Compartiendo una luz
Renacer II es una de las poblaciones colombianas que permanecen a oscuras todo el tiempo. Según datos del Instituto de Planificación y Promoción de Soluciones Energéticas para las Zonas no Interconectadas (Ipse), hay 1.710 localidades rurales en Colombia en donde se calcula que 128.587 personas solo acceden al servicio entre cuatro y doce horas al día.
Si bien departamentos como La Guajira, en el norte de Colombia, tienen los más altos potenciales para la generación de energía eólica y solar del país, sus comunidades wayúu y población migrante que lo habitan viven en la miseria absoluta, sin posibilidades de encender siquiera una lámpara para iluminarse en las noches.
Ante esta realidad, en alianza con Recon, TIKA y Aldeas Infantiles, hicimos la entrega de lámparas que hacen uso de energía solar para iluminar con linternas, reflectores, bombillos y cargar teléfonos. Para las familias beneficiadas esto no representa un gasto. Al contrario, ahora el dinero que empleaban para adquirir velas, lámparas de queroseno u otros sistemas de iluminación, podrá ser destinada a otras actividades que mejoren su comodidad y calidad de vida.

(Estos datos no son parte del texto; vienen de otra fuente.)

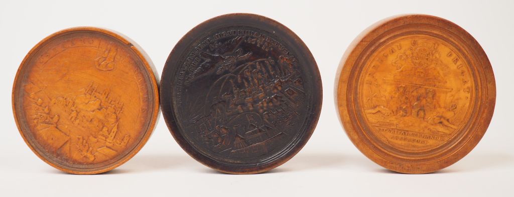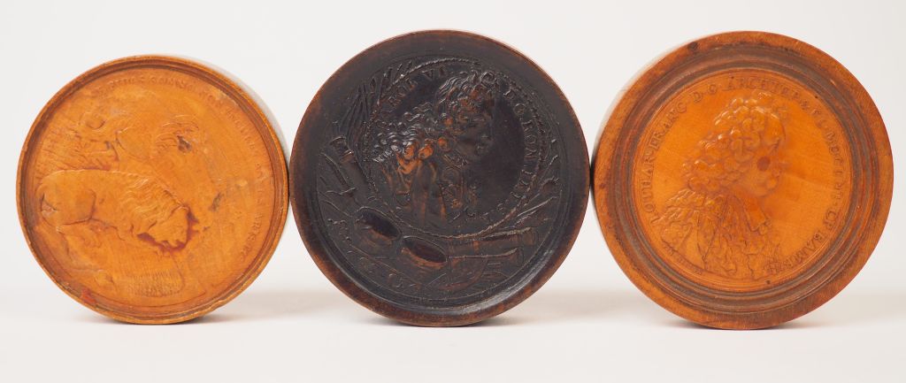 Trois différents jetons fin XIXème en buis sculpté. Diam. 5,2 cm, 5,6 cm.
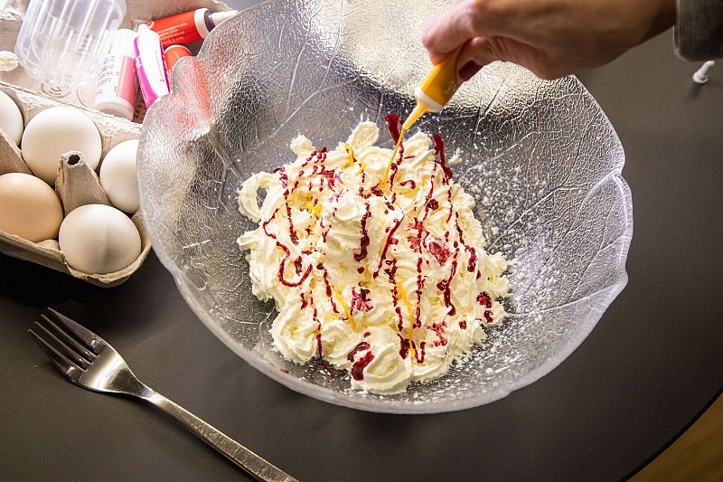 - Lebensmittelfarbe darauf verteilen und mit einer Gabel durchmischen.

“Estamos muy agradecidos por estas lámparas. Ya era tiempo de hacer gestiones, de traernos un poco de energía eléctrica, no puede ser que en pleno siglo XXI haya familias que vivamos en estas condiciones”, denuncia Karinei. A pesar de que su vivienda está localizada entre grandes obras de infraestructura con las cuales se genera la energía con la que se mueven industrias y ciudades, esta no cuenta con un mínimo de electricidad para salir de las tinieblas. “Ahora vamos a tener como iluminar en las noches, los niños van a poder hacer las tareas, yo voy a poder cargar el teléfono y no me tocará caminar para cargarlo donde los vecinos. Estas soluciones serán un gran avance para nosotros”, finaliza.